Championnat de France amateur 2
- Season: 2011–12
- Promoted: Grenoble; Montceau Bourgogne; Saint-Malo; Stade Bordelais; Strasbourg; Trélissac;
- Relegated: Agen; Blagnac; Chaumont; Cognac; Créteil B; ÉF Bastia; Eu; Flers; Furiani-Agliani; Gardanne; Imphy Decize; Les Herbiers B; Mâcon; Marck; Mérignac; Neuves-Maisons; Saint-Dié; Saint-Dizier; Saint-Georges-les-Ancizes; Saint-Jean-le-Blanc; Saint-Omer; Steinseltz; Tours B; Trouville-Deauville; Vannes B;
- Matches: 1,836
- Goals: 4,957 (2.7 per match)
- Biggest home win: Illzach Modenheim 8–1 Steinseltz (10 September 2011)
- Biggest away win: Steinseltz 0–7 Saint-Louis Neuweg (28 April 2012)
- Highest scoring: Sablé-sur-Sarthe 3–7 Guingamp B (10 September 2011); Tours B 5–5 Cognac (10 March 2012); Propiano 6–4 Furiani-Agliani (13 May 2012);
- Longest winning run: 8 games Trélissac (12 November – 25 February)
- Longest unbeaten run: 18 games Grenoble (20 August – 10 March)
- Longest winless run: 19 games Mâcon (20 August – 24 March)
- Longest losing run: 8 games Chaumont (20 August – 5 November)
- Highest attendance: 9,440 – Strasbourg 4–1 Illzach Modenheim (3 September 2011)

= 2011–12 Championnat de France Amateur 2 =

The 2011–12 Championnat de France amateur 2 season was the 14th since its establishment. Chambéry were the defending champions. The teams and groups were announced on 18 July 2011 and the fixtures were determined on 28 July. The season began on 20 August 2011 and ended on 2 June 2012. The winter break was in effect from 23 December to 6 January.

== Teams ==

There were 34 promoted teams from the Division d'Honneur, replacing the 32 teams that were relegated from the Championnat de France amateur 2 following the 2010–11 season. A total of 72 teams competed in the league with 32 clubs suffering relegation to the sixth division, the Division d'Honneur. All non-reserve clubs that secured league status for the season were subject to approval by the DNCG before becoming eligible to participate in the competition.
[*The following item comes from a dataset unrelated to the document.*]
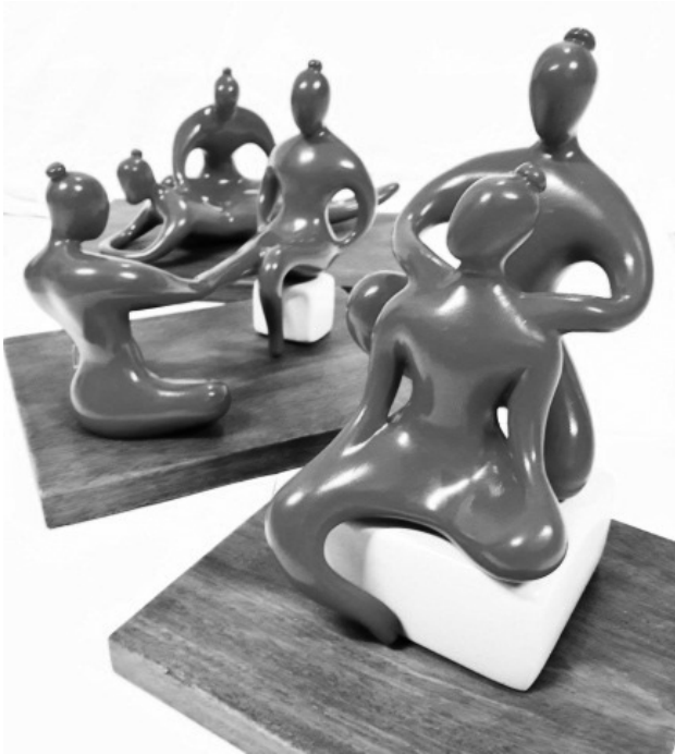
ภาพประกอบที่ 4

ประติมากรรมบรมครูทางการแพทย์แผนไทย ทั้งสามชิ้นงานในรูปแบบ 3 มิติ ดังภาพประกอบที่ 3 เป็นผลงานศิลปกรรมสร้างสรรค์ชุดประติมากรรมบรมครูการแพทย์แผนไทย ประกอบด้วยบรมครูหมอชีวกโกมารภัจจ์ และบรมครูฤษีท่งท่งทำดัดตน 2 ท่งท่งทำในรูปแบบลดทอนเป็นกึ่งนามธรรม (Semi Abstract)

=== Promotion and relegation ===

Teams relegated to Championnat de France amateur 2
- Aurillac
- Genêts Anglet
- Louhans-Cuiseaux
- Noisy-le-Sec
- Saint-Pryvé Saint-Hilaire
- Rennes B

Teams promoted to Championnat de France amateur 2
- Ajaccio B
- Amiens B
- Aubagne
- Belfort Sud
- Boulogne B
- Chaumont
- Échirolles
- Eu
- Evian B
- Flers
- Fleury-Mérogis
- Fresnoy-le-Grand
- Iris Club
- La Suze
- Le Poiré-sur-Vie B
- Les Herbiers B
- Limoges
- Mâcon
- Marmande
- Marseille B
- Muret
- Narbonne
- Neuves-Maisons
- Saint-Colomban Locminé
- Saint-Georges-les-Ancizes
- Saint-Jean-le-Blanc
- Sézanne
- Steinseltz
- Thaon
- Thouars
- Trouville-Deauville
- Vannes B

=== DNCG rulings ===

On 26 May 2011, following a preliminary review of each club's administrative and financial accounts in the Championnat National, the DNCG ruled that Grenoble would be relegated to the Championnat de France amateur (CFA) after the organization determined that the club was enduring financial difficulties. The organization also excluded relegated Championnat de France amateur club Toulon from participating in the CFA 2 and relegated both Agde and Chambéry to the fifth division. Chambéry had finished as the champions of the 2010–11 edition of the CFA 2. On 4 June, the DNCG announced that, for the second consecutive season, Calais would not be allowed to ascend to the CFA, which meant the club would be returning to the fifth division. All clubs had the option to appeal the rulings.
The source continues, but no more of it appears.